# The 80-20 Principle – Pareto’s Principle

How it came along?

It was first proposed by the Italian economist Vilfred Pareto in 1906. He created a mathematical formula to describe the unequal distribution of wealth in the country. He observed that 20% of the people owned 80% of the wealth. Much later in the late 1940’s Dr. Joseph M. Juran proposed the “vital few trivial many principle”. This theory basically proposes that 20 percent of things are always responsible for 80% of the results. Moreover the principle came to be known as Pareto’s principle partly because the earlier work of Dr. Juran wasn’t clear and people thought he was applying Pareto’s Economic theory in a broader aspect and partly because Pareto’s principle sounded better than Juran’s principle.

What does it mean?

How to use it?

First we have to write down what are the main factors that are directly related to the problem or in general the question that is involved. If more than one factor is due to the same thing then count it as one single generic factor. Let us learn from a simple example.

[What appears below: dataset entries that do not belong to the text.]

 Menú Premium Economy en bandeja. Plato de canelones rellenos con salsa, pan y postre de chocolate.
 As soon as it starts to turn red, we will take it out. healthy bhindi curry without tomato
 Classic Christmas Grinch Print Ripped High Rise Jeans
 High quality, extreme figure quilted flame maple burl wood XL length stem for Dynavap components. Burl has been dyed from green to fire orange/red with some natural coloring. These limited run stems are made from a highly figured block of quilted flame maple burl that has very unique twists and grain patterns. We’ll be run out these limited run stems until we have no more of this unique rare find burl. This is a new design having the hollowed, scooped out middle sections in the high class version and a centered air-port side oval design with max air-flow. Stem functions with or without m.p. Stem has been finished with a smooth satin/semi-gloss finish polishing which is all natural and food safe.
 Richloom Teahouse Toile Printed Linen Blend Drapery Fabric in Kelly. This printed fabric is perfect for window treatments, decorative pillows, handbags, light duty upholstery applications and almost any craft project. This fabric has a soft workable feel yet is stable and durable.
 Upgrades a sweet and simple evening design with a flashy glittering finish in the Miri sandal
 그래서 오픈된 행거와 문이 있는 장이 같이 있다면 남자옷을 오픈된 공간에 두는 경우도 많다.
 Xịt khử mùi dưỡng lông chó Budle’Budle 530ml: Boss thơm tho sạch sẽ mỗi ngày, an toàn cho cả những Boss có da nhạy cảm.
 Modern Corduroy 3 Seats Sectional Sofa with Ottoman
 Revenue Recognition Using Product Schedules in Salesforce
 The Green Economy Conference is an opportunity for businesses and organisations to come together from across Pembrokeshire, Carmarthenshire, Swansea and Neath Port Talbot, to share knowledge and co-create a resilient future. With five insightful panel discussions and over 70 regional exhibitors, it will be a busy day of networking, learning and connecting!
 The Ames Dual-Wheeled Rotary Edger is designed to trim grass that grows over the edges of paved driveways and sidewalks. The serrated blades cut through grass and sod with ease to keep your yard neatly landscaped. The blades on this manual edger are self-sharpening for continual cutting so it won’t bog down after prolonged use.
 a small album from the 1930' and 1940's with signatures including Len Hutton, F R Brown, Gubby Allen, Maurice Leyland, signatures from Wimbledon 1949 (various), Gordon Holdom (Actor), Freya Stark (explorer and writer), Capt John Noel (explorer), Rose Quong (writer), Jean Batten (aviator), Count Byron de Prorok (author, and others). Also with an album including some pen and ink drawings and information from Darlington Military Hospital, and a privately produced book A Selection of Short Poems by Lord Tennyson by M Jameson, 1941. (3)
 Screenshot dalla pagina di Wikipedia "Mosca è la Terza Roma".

Consider the contribution to the monthly household expense by various payments that should be considered. The major payments can be taken as:

House Rent- 10000

Electricity Bill- 500

Car Petrol Bill-1000

Telephone Bill-500

Child’s School Fees-1000

We then chart it out and observe the contribution made by each. In the example below we observe that out of the total expenditure of Rs.13000 house rent itself amounts to Rs.10000 which is almost 77% of the total expenditure. Moreover it is just one out of the 5 factors making 20 percent of the total factors. Thus we observe that in this case also 20 percent of the factor is contributing to 80 percent of the expense.

Thus we observe that 80-20 principle can in general be applied to any day-to-day problem and with proper analysis one can prioritize his course of action for better returns and efficient functioning.